Ego networks, shown in fig. 1 [2], consist of a focal node (ego) and the nodes to whom
ego is directly connected to (these are called alters) plus the ties, if any, among the alters
[1]. Analyzing Ego Networks has become a popular and power tool to detect communities
in Social newtork [2].

Figure 1: An Ego Network


1

Driven by the structural difference of the email Networks and the curiosity to detect communities by analyzing my Ego Email Network. The rest of this report is organized as follows.
Section 2 describes the dataset. In Section 3,4 and 5 analyses of three different type of
networks are presented. Finally, Section 6 has the conclusions.

DataSet

I have used emails from my Gmail account to do the analyses. I have made three graphs
out of these email, all of them are directed. There is one edge from the Sender (From:)
to the Receiver(s) (To:, CC: BCC:), as one would naturally expect. Their construction is
described in their respective sections. Following are the three networks:
RawGraph : Directed graph consisting of 9885 nodes and 24663 edges.
EgoGraph : Directed graph consisting of 7762 nodes and 20338 edges.
CoreEgoGraph : Directed graph consisting of 252 nodes and 2368 edges.
Due to the confidential nature of data, I am not making them publically available. However,
it is very easy to retrieve your emails and repeat these analyses.
2.1

Data Collection Process

Given that I use 5 emails pretty frequently out of the n emails account I have, these become
the candidates. Three of them are YahooMail! and two of them are GMail. I began to hunt
the web for tools to downloads emails from both of them. To retrieve emails from GMail
found a pretty good tool - Got Your Back. Details instructions are provided in the tools
documentation on how to retrieve the emails by using the tool, so I am not going to go
over them here. But unfortunately, I dint find any tools that are freely available download
emails from my YahooMail! accounts.

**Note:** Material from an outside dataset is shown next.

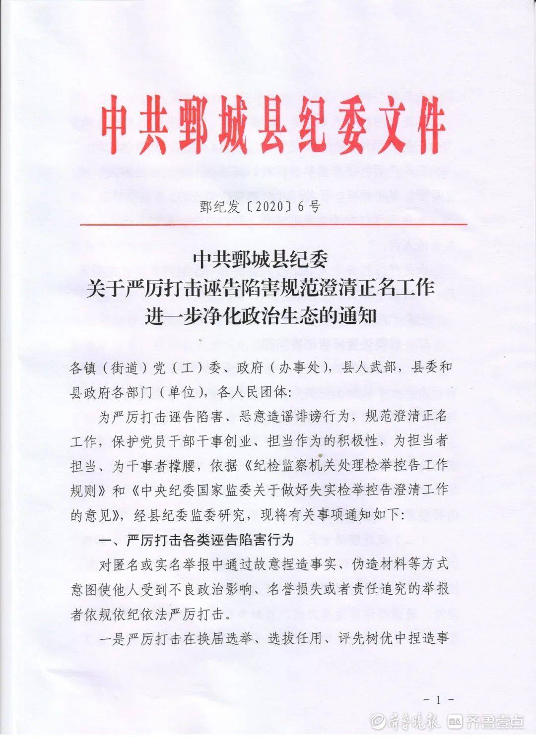 为干事者撑腰!鄄城发文:严查诬告陷害,为受到诬告陷害干部正名

They only tool I found was but it requires you to
have a paid license, hence, I dint use it.
Amongst the two GMail accounts, one of them is my primary account that I use for all
social communications i.e. I use this account to communicate with all my friends and all
my social networking accounts like Facebook, Twitter and a bunch of other linked to it.
So, being able to collected data from this account was awesome! The other GMail account
is relatively new and it has only incoming emails, so I thought it wouldnt make sense to
analyze it, so I chose to drop it.
Therefore, using the above mentioned tool, I have collected about seven and half years of
data from the day I opened that GMail account on the 30th of May, 2006 till the 23th of
November, 2013, when I began working on this project.
For the purposes of this analyses, I have extracted the emails addresses of the Sender and
the Receiver(s) from each email using a python script1 . This script gives an adjacency list
of emails i.e. each row in the list has a Sender and one or more Receivers in a format that
can be directly input to Gephi which is used to construct the ego networks. It also generate
a file containing the number the email communications every day which is used to describe
the growth of the my email network.
2.2

Growth of my GMail

Before we begin to analyze the growth of the network, you should know that I am the kind
of person who doesnt turn off email notifications from Social Networking Sites. So, they
contribute to a significant fraction of the emails. Table 1 shows that on an average I have
6000 email communications (sent and received) in the GMail account. I was surprised to see
the number being half of the average for the year 2008 (I had no idea about it). But when I
think back, that was the year I was looking for an internship (to apply for positions, I used
1
To keep the report short and avoid clutter, I
http://gpraveenkumar.com/projects/snacourse2013/index.html

have

put

the

codes

in

one of my yahoo accounts) and I did much less social Networking Orkut that year because it
was going out of fad (I dint have a facebook account yet). Hence, I think the numbers went
down. August of 2011 was the time when I joined Graduate School before which I had to
communicate with a lot of people for the admission, results, accomodation etc. My activity
on social networking sites (only facebook now, my orkut died) was significantly higher, as I
met a good number of new friends at my Graduate School, hence the very high number of
emails communications that year.
Table 1: No. of Emails Communications per year
Year
2006
2007
2008
2009
2010
2011
2012
2013

No. Of emails
1189
6020
2928
6398
6296
12202
8832
6887

Fig. 2 shows a plot (obtained using R Codes2 ) of the distributions of number of emails that
was communicated (sent and received) each month from May, 2009 to November, 2013.
The red line is the least squares regression fit of the number of emails communicated and
the time in months. It is easy to see that they are positively correlated. It is easy to infer
that the no. of email communicated was around 250 on average during 2006 but it has
gradually risen to around 600 of average during 2013. I think this is pretty natural trend
that can be observed amongst a lot of people as online communication is increasing steeply
making it the primary form of communication in a large number of cases.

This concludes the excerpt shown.